Host ecology regulates interspecies recombination in bacteria of the genus Campylobacter
- The Milner Centre for Evolution, Department of Biology and Biochemistry, University of Bath, United Kingdom
- Antimicrobial Resistance Research Center, National Institute of Infectious Diseases, Japan
- Centre for Ecology and Evolution in Microbial Model Systems, Linnaeus University, Sweden
- Unidad de Investigacion en Enfermedades Infecciosas, UMAE Pediatria, Instituto Mexicano del Seguro Social, Mexico
- Swansea University Medical School, Swansea University, United Kingdom
- Department of Zoology, University of Oxford, United Kingdom
- Department of Medical Sciences, Zoonosis Science Centre, Uppsala University, Sweden
- Faculty of Veterinary Medicine, Chiang Mai University, Thailand
Figures
Figure 1
Barriers to horizontal gene transfer (HGT) in bacteria.
A series of barriers must be surmounted for DNA to transmit from one species to another. These are broadly defined in three categories. At a given time, alignment of holes in successive barriers is necessary for HGT to occur.
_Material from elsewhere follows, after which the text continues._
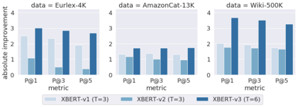 翻译:极端多标签文本分类 (XMC) 旨在将每个输入文本标记为来自极大标签组的最相关标签,例如产品分类和电子商务建议中出现的标签。最近,诸如BERT等预先培训的语言代表模型在一系列广泛的NLP任务中取得了显著的最新性能,包括小标签组(通常少于千人)的判刑分类。事实上,在应用BERT到 XMC 问题上存在若干挑战。主要的挑战有:(一) 很难从一个极大标签组中获取最相关的标签的可靠性和相关性,例如产品分类和电子商务建议。最近,BERT等预先培训的语言代表模型的大小可能非常大和范围。为了克服这些挑战,我们提出了X-BERT模型的首次可能的微调模型,用于对 XMC 问题进行扩缩的解决方案。具体地,X-BERT 将标签和文档文本的改进用于构建标签的升级,这会使标签群集的改进达到更精确的等级,以便更精确的标签组别具有更精确的可靠性。在模型上, 5-BER 数据库的内,最后的内, 正在将一个较精确的顺序关系中,而BERBILILIL 。

Here, we focus on ecological barriers that are influenced by multiple factors that reflect the physical isolation of bacteria in separate niches.
Figure 2 with 4 supplements
Population structure and host ecology in the genus Campylobacter.
(a) Phylogenetic tree of 631 Campylobacter isolates from 30 species reconstructed using a gene-by-gene concatenated alignment of 820 core genes (shared by >95% of isolates) and an approximation of the maximum-likelihood (ML) algorithm implemented in RAxML. The species name is indicated adjacent to the associated sequence cluster. The scale bar indicates the estimated number of substitutions per site. (b) Isolation source of Campylobacter species with n ≥ 3 isolates.
Figure 2—figure supplement 1
Population structure of the Campylobacteraceae family.
Phylogenetic tree of 506 isolates that belong to the Campylobacteraceae family with Helicobacter pylori used as an outgroup. Different colors correspond to main species with number of isolates greater than three. The tree was reconstructed using a gene-by-gene concatenated alignment of 799 core genes shared by >95% by all isolates and an approximation of the maximum-likelihood (ML) algorithm implemented in RAxML. The scale bar indicates the estimated number of substitutions per site.
Figure 2—figure supplement 2
Core genome species trees.
Single-species trees for nine Campylobacter species with >4 isolates demonstrating the diversity for among species. The scale bars indicate the estimated number of substitutions per site. *The scale for the tree corresponding to C. hepaticus is 10 times smaller than the rest.
Figure 2—figure supplement 3
Overview of host associations of Campylobacter species.
Abundance and diversity of 631 Campylobacter isolates in each host and environment. Different colors correspond to main species with number of isolates ≥3. The number of isolates is shown on the y-axis and the various isolation sources are on the x-axis.
Figure 2—figure supplement 4
Core genome species trees.
Single-species trees for C. jejuni, C. coli, and C. fetus species that contain isolates from multiple hosts and countries. The scale bars indicate the estimated number of substitutions per site.
Figure 3 with 4 supplements
Core and accessory genome variation in the genus Campylobacter.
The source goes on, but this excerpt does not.